With some careful translation, we can implement the above ODEs in Python using a systems dynamics model, which uses dynamic programming of a numeric simulation to arbitrarily forward the gradients through time, updating values as they go. For example the function `E` can be implemented as follows:

```python
def E(self, t):
    """
    Computes the number of exposed individuals at time t.
    """
    dE = (self.tau(t-1) * self.S(t-1) * (self.I(t-1) + self.U(t-1)))
    dE -= (self.alpha * self.E(t-1))
    return max(self.E(t-1) + dE, 0)
```

The function is recursive in that it calls the previous time step until `t=0` is reached.
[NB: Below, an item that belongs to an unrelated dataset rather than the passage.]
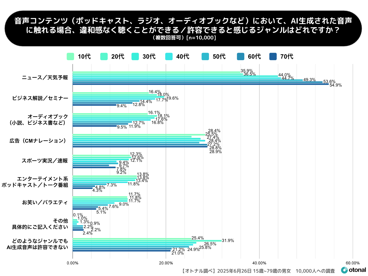 ~全年代が違和感なく聴けるAI生成音声コンテンツはニュース・天気予報が46.9%でトップ。年代間で許容できるジャンルの違いが明らかに~

This is done with a decorator that steps through the dynamic programming model, but essentially boils down to:

```python
class numsim(object):

    def __init__(self, f, v0):
        self._values = np.asarray([v0])
       
    def __call__(self, t):
        if t >= len(self._values):
            self(t-1)
        return self._values[t]
```

### Fitting Process

The fitting process uses a genetic algorithm to optimize the free parameters $\chi$ and the intensity of the intervention $\mu$. Note that the other variables, $\alpha$, $v$, $f$, and $\eta$ are known by medical observation. The fitness function minimizes mean squared error, though differentiable cost functions are not required for genetic parameter optimization. 


```python
from functools import partial
from scipy.optimize import differential_evolution


def fit_seiru_model(cases, S0, f, v, eta, t0, alpha, return_results=True):
    """
    Uses differential evolution (a genetic parameter optimization method)
    to fit the free variables chi1, chi2, chi3, mu, and N in the SEIRU
    model. A model instantiated with these parameters is returned unless
    return_results=True, in which case the array of parameters is also returned.

    .. todo: document arguments
    """
    ef = partial(seiru_error, cases=cases, S0=S0, f=f, v=v, eta=eta, t0=t0, alpha=alpha)
    bounds = [(-4, 4), (-4, 4), (-4, 4), (-4, 4), (0, len(cases))]
    results = differential_evolution(ef, bounds)

    p = results.x
    model = SEIRU(S0, f, v, eta, t0, p[0], p[1], p[2], alpha, p[3], p[4])

    if return_results:
        return model, results
    return model


def seiru_error(params, cases, S0, f, v, eta, t0, alpha, *args):
    """
    Computes the mean square error of the SEIRU model for the fitted params:
    (chi1, chi2, chi3, mu), using the fixed parameters S0, f, v, eta, alpha, and N.
    The cases variable is the ground truth that the diff is computed from.

    .. todo: document arguments
    """
    model = SEIRU(
        S0, f, v, eta, t0, params[0], params[1], params[2], alpha, params[3], params[4]
    )
    crhat = model.to_dataframe(cases.index, ode="R", cumulative=True)
    return ((crhat["CR"] - cases) ** 2).sum()
```

Unfortunately, I am not yet authorized to share the code for this, but I did fit the model to the case data we've been exploring today, here are the results:

![SEIRU USA Model Fit](figures/23_seiru_usa_fit.png)

Next steps: actual agent based models! This is my current research thrust, doing realistic, non-compartmental simulations for epidemiological modeling. I've included a MESA implementation of SEIRU in the workshop code for you to check out!